A importância de se pensar em uma mudança e ou inovação a partir de uma nova ordem social na PAB está ligada a outros aspectos que vão além do ambiente de trabalho, ou seja, considerando a perspectiva financeira, é importante perceber que, até o momento, a PAB faz parte de um mercado que possui um cenário econômico e político que permanece em crise e que continua sofrendo com suas oscilações, significando, portanto que a dinâmica interna de reprodução da ordem social operante provavelmente propiciou bons resultados até o momento, mas não se sabe ao certo se continuará a surtir os mesmos resultados.
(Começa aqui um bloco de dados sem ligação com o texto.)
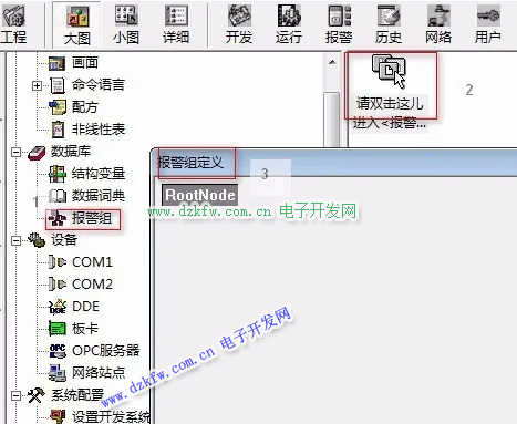 在工程瀏覽器左側選擇“數據庫”中的“報警組”,雙擊“進入報警組”,彈出“報警組定義”對話框。

A PAB não é um organismo isolado, sua sobrevivência provém também de sua participação em um campo muito maior e talvez mais complexo do que o seu próprio.

Um outro ponto a ser considerado é com relação ao que tange as questões ambientais, ou seja, esse fator não foi evidenciado nos resultados obtidos como uma prática efetiva, apesar de ter sido identificado como um valor declarado (Obsessão por Meio Ambiente), podendo-se concluir que apesar da PAB estar localizada na Região Oriental da Amazônia, talvez esse fato – na prática - ainda não possua uma importância significativa ou destacada para o seu negócio.

Para Bourdieu, é possível se realizar uma transformação das relações, a partir do descolamento entre habitus e o campo, no qual o habitus é incapaz de gerar práticas conformes ao meio, e de acordo com Bourdieu (1997), essa é a grande fonte impulsionadora de mudança e inovação social, desta forma poderíamos sugerir que o paradoxo citado acima retrata justamente esse descolamento e, dessa forma, é possível a construção de um espaço frutífero para que mudanças aconteçam.

O questionamento que fica a partir das conclusões comentadas é que se ao tornar o que é inconsciente em consciente, os envolvidos escolheriam por continuar dessa forma?

Assim, é possível que os resultados dessa dissertação contribuam para o favorecimento de tal mudança ou inovação e, como tal, para a construção de um ambiente

que possam ser provedores de novos limites de atuação e decisão e, principalmente, que possam ser reconhecidos por isso, independentemente do nível hierárquico que possuem, ou da natureza do cargo que ocupem.